Raw CNAPP Data: Why It Matters and the Future of Cloud Security Analytics

Security today is as much about data operations as it is about firewalls or policies. CNAPP platforms (Cloud-Native Application Protection Platforms) collect an enormous volume of telemetry from cloud environments — configurations, vulnerabilities, API calls, identity mappings, runtime events.

Most teams consume this through the vendor’s UI, pre-built dashboards, and canned alerts. While useful, this often leaves the most valuable capability underused: direct access to the raw data.

Advantages of Having Raw CNAPP Data

1. Custom Querying for Unique Threat Models

Every company has its own risk profile. By pulling raw CNAPP data into a warehouse like Snowflake or a data lake, you can write queries that match your environment, not a generic template.

• Correlate IAM changes with high-risk resource exposure.
• Detect drift in security groups tied to sensitive workloads.
• Identify unusual API patterns across multiple accounts.

At Sprinklr, Lacework pushes enriched event data into Snowflake, and our security team writes targeted SQL to surface issues specific to our platforms — things the out-of-the-box dashboards might not even consider.

2. Cost-Effective at Multi-Cloud Scale

Multi-cloud environments make licensing painfully expensive — you often pay per account, per region, or per data volume, even when you’re storing the same type of telemetry twice.

• Warehouse economics: Store once in Snowflake/BigQuery, query many times.
• Vendor UI avoidance: Skip the seat-based or feature-tier pricing traps that lock critical capabilities behind “enterprise” SKUs.
• Consolidated views: Instead of flipping between dashboards for AWS, Azure, and GCP, unify them in one query layer.

3. Faster Compliance Point-Fixes

Certain compliance violations — like open S3 buckets, unencrypted databases, or missing IAM MFA — need to be fixed as soon as they’re detected to avoid audit failure or regulatory exposure.

• With raw data, you can instantly search for all instances across accounts.
• Run ad-hoc scripts to push fixes.
• Document remediation steps for auditors in real time.

With this approach, a point-fix script can be executed immediately — no waiting for the vendor’s UI refresh cycle.

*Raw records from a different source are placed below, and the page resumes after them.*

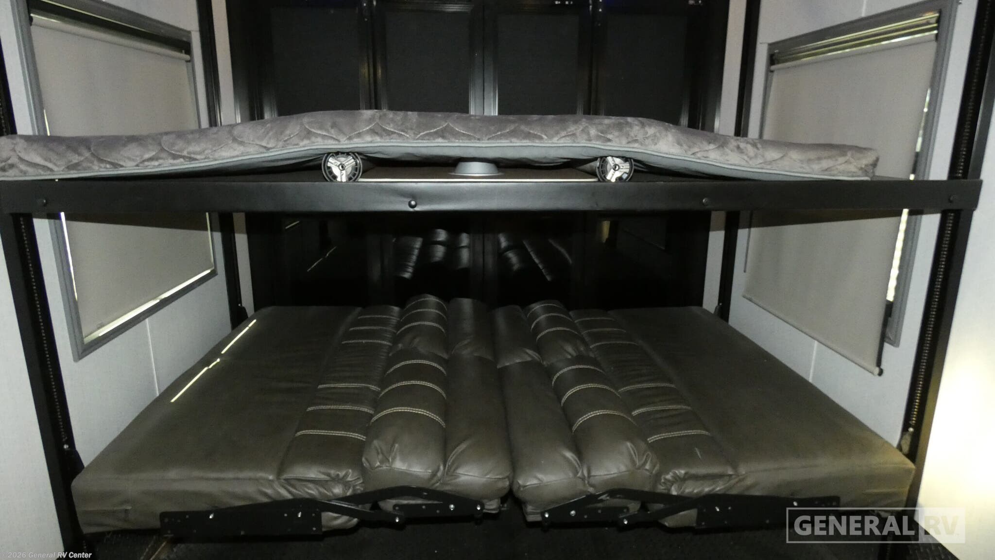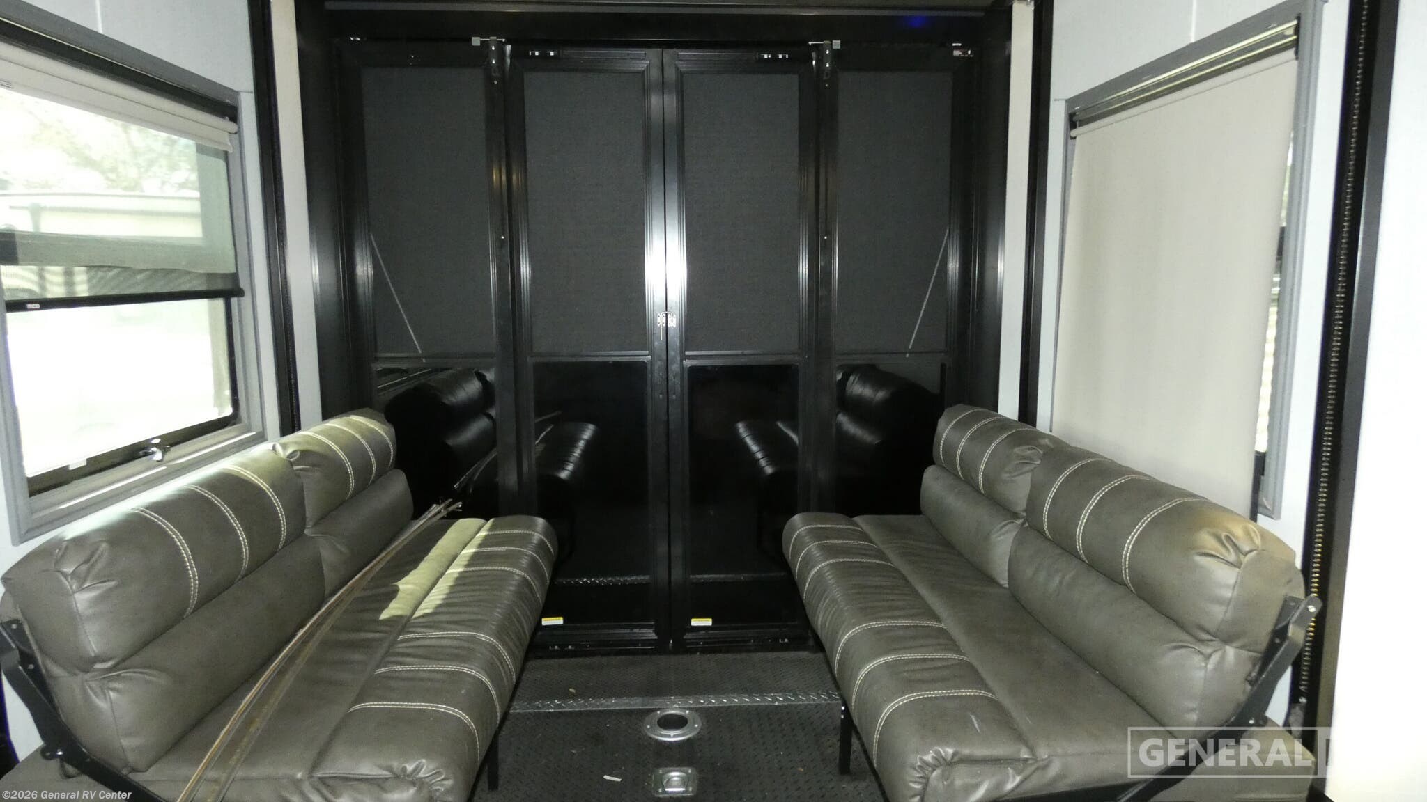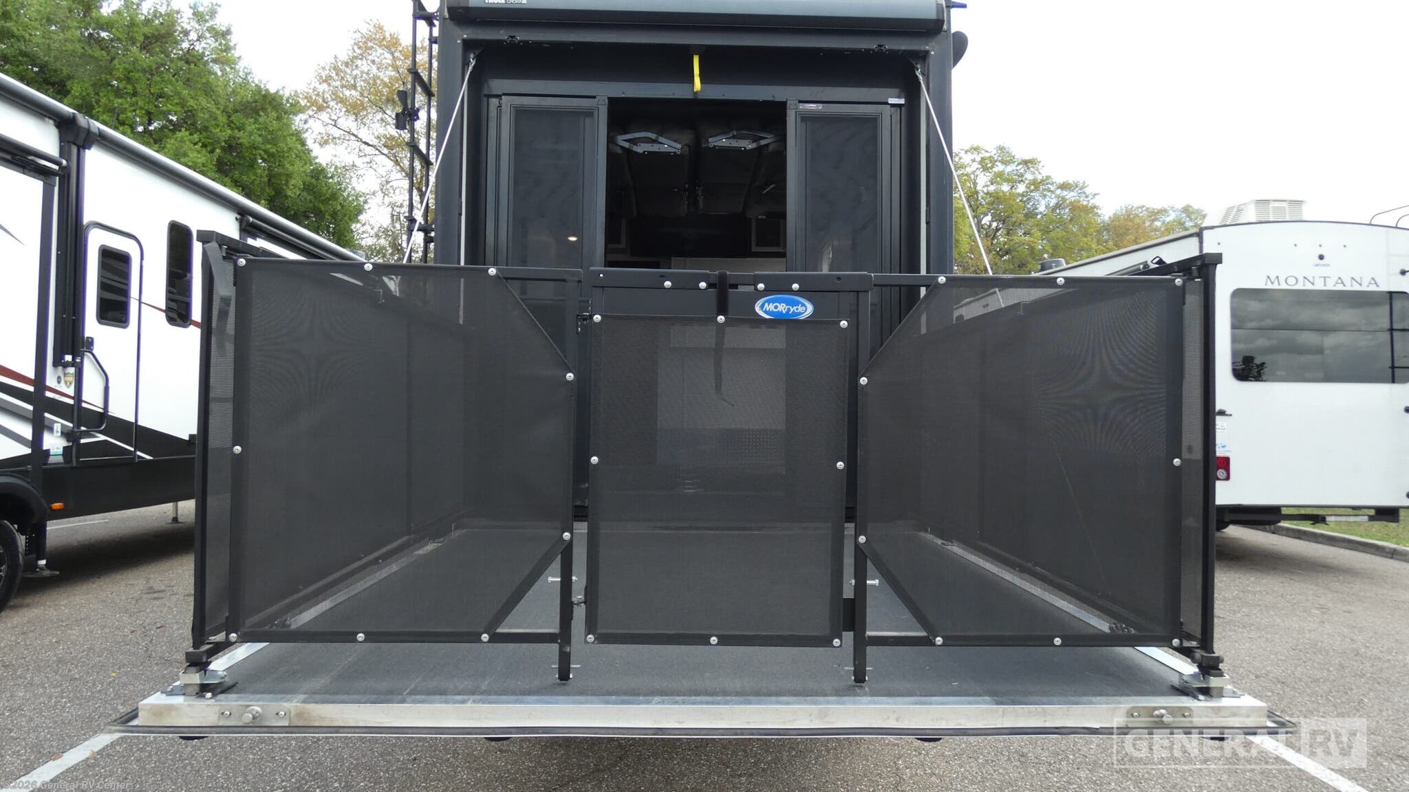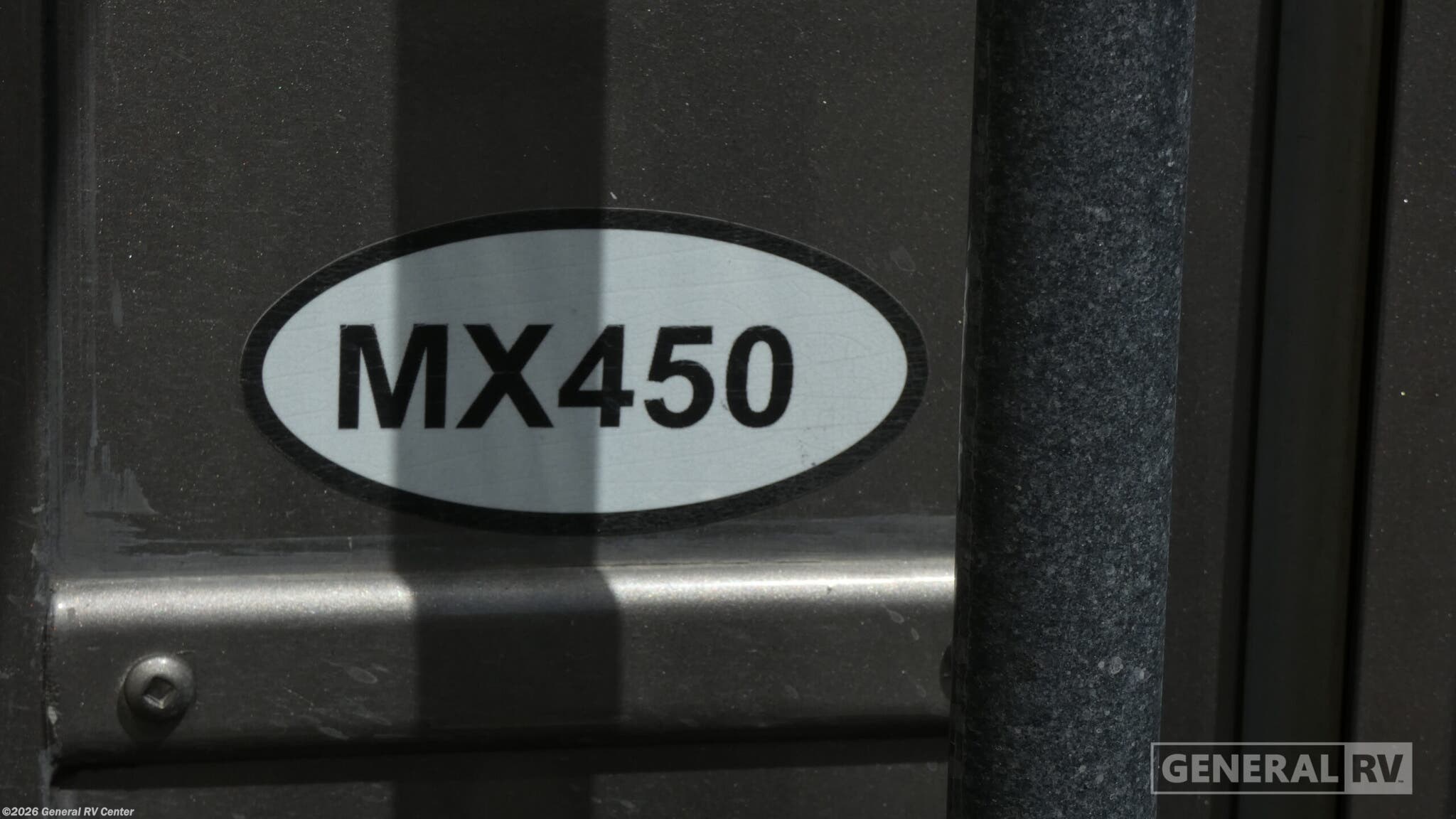 **DRX Luxury Suites Full House toy hauler MX450 highlights:** - Fireplace - Theater Seating - Kitchen Peninsula - 13' Separate Garage - Three LED HDTVs - Walk-In Closet You will absolutely fall in love with this stunning Full House fifth wheel toy hauler! Not only does this unit have beautiful décor, but it also has very accommodating and residential features so that you can truly feel like you've got a full house on wheels. The front private bedroom has a walk-in closet, 32" LED TV, and vanity slide, and the bathroom has a shower with skylight for exceptional lighting in the morning when you're getting ready. You can choose to enter the main living area or the 13' separate garage since this unit has two entry doors, and as you rest upon the theater seating, you'll appreciate the added interior space that comes from the opposing slides. You will find full-time living at its best in the DRV Luxury Suites Full House fifth wheel toy hauler! This luxurious brand features several items that most toy haulers tend to ignore when it comes to residential living, but the Full House toy hauler truly is a full house on wheels! The garage features industrial metal cabinetry, LED lighting, a touchscreen entertainment system, a 50" LED HDTV, and dual 30-gallon fuel tanks. You can even choose to amp up the garage to the next level by adding the optional patio and the electric drop-down bed. A six-point hydraulic leveling system keeps your Full House in place, and the Onan gasoline generator supplies power to your unit. The interior is rather glamorous with its hand-laid vinyl floor tile, its crown molding, its plush residential high-durability carpet, and its ceiling fan, and the residential kitchen is undoubtedly going to be an essential feature for full-time living.
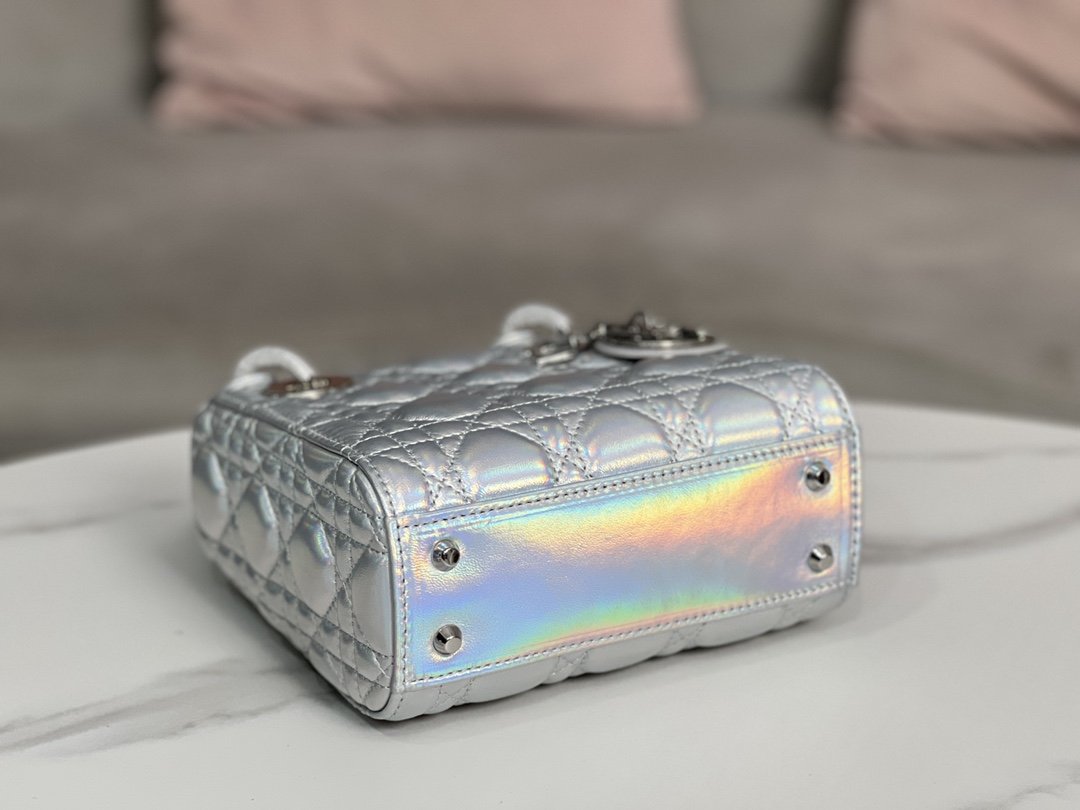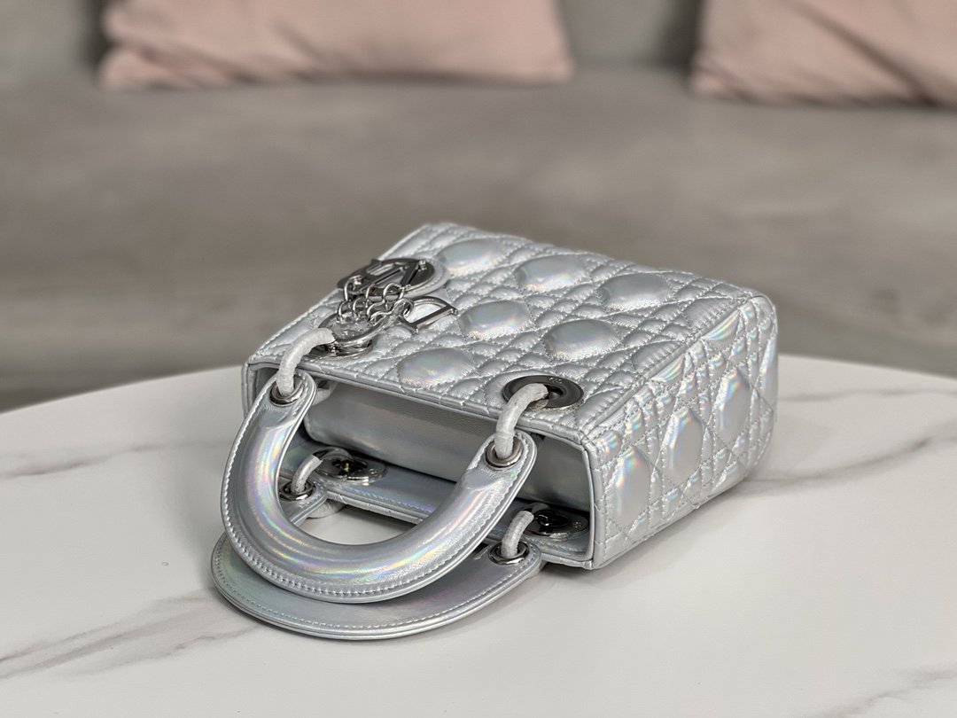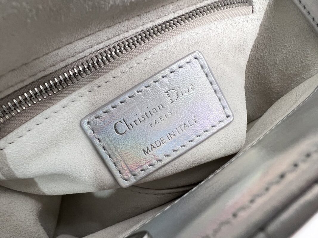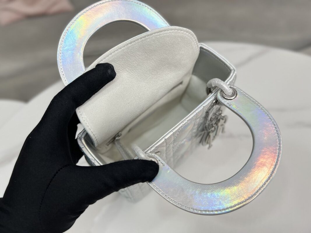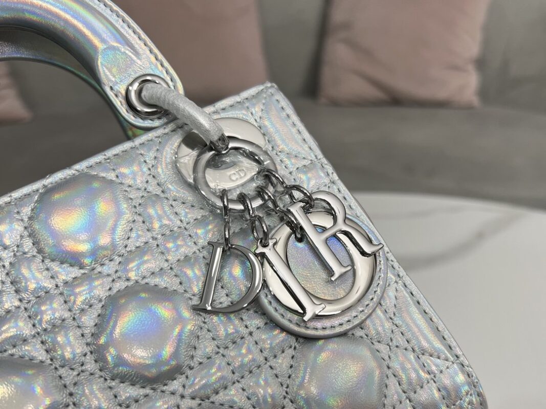 The Lady Dior bag from the Dior Or collection epitomizes Dior’s vision of elegance and beauty. Crafted from Neon Silver Metallic Lambskin with bold quilted detailing with Cannage topstitching, this timeless design is timeless. Embellished with a metal D.I.O.R. charm in rose gold finish for an elegant look. The mini style, with its detachable chain shoulder strap, can be carried by hand or cross-body, making it the ideal companion for evening wear.
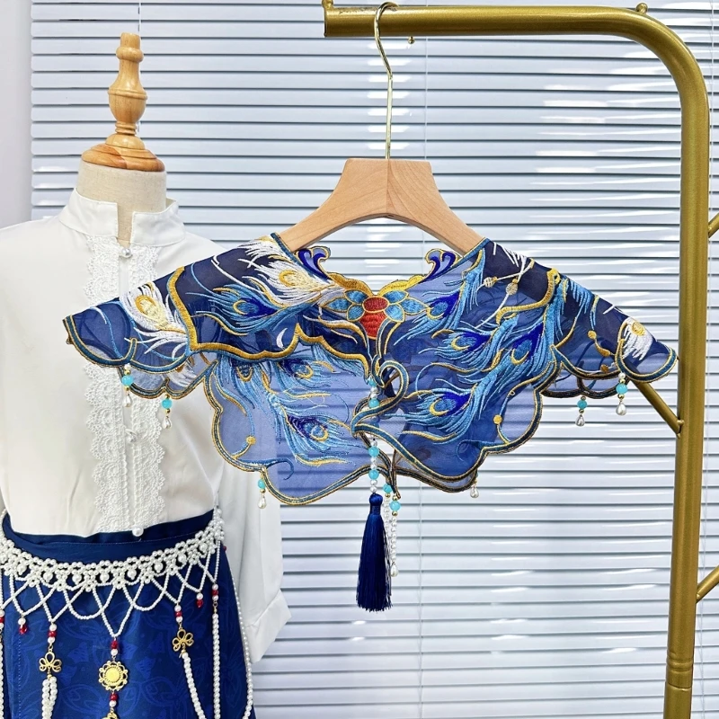 Traditionelle chinesische Perlenquasten, falscher Kragen, Vintage-Stickerei, gefiederter Yunjian-Sch...

4. Breach & Alert Response

When a security breach or critical alert comes in, speed matters:

• Query the full dataset, not just the subset a dashboard shows.
• Trace lateral movement by joining logs across services.
• Identify and revoke risky identities in minutes, not hours.

This turns the CNAPP from a slow “alert feed” into a real-time investigation engine.

The “What If” Scenario — Open-Source CNAPP Orchestration

Could we have an open-source CNAPP orchestration framework that:

• Ingests security data from multiple SaaS APIs and logs.
• Normalizes it into a central warehouse/lake.
• Provides a query layer and basic dashboards.
• Lets you plug in ML models or detection logic.

This could combine:

• Security Lake architectures (AWS Security Lake, GCP Chronicle).
• ETL tooling (Airbyte, dbt, Apache NiFi).
• Visualization (Superset, Metabase, Grafana).

And crucially — no vendor UI lock-in.

Closing Thoughts

Security vendors often say “security is about data”, but in practice, it’s about what you can do with that data. Raw CNAPP exports let your team:

• Cut costs in multi-cloud licensing.
• Respond to compliance violations immediately.
• Investigate breaches with full context.

At Sprinklr, our experience has been clear: owning our query layer lets us move faster, fix more precisely, and ask better questions. The next evolution could be a more open, interoperable, community-driven CNAPP pipeline — one where every security team has both the raw ingredients and the kitchen to cook their own insights.